# Instructions for the task
Pictures stay out; everything else in the listing below is to be restated word for word.

** Source data follows **

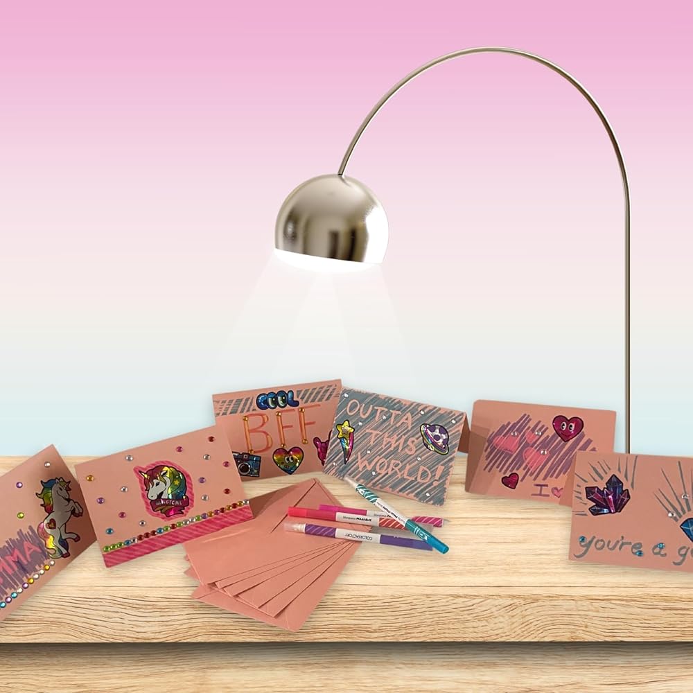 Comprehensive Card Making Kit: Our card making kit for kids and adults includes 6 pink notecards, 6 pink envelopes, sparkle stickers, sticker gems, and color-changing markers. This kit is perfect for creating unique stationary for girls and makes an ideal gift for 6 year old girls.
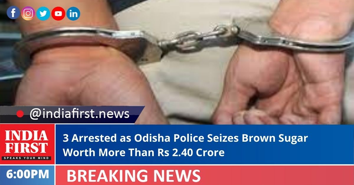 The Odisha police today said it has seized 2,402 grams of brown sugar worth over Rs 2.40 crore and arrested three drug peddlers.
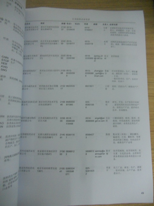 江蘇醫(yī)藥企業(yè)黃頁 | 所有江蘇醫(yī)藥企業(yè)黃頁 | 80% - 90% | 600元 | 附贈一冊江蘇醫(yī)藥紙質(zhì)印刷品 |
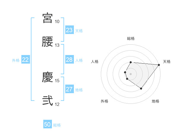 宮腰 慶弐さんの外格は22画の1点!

** End of Source data **

# Task result
 Comprehensive Card Making Kit: Our card making kit for kids and adults includes 6 pink notecards, 6 pink envelopes, sparkle stickers, sticker gems, and color-changing markers. This kit is perfect for creating unique stationary for girls and makes an ideal gift for 6 year old girls.
 The Odisha police today said it has seized 2,402 grams of brown sugar worth over Rs 2.40 crore and arrested three drug peddlers.
 江蘇醫(yī)藥企業(yè)黃頁 | 所有江蘇醫(yī)藥企業(yè)黃頁 | 80% - 90% | 600元 | 附贈一冊江蘇醫(yī)藥紙質(zhì)印刷品 |
 宮腰 慶弐さんの外格は22画の1点!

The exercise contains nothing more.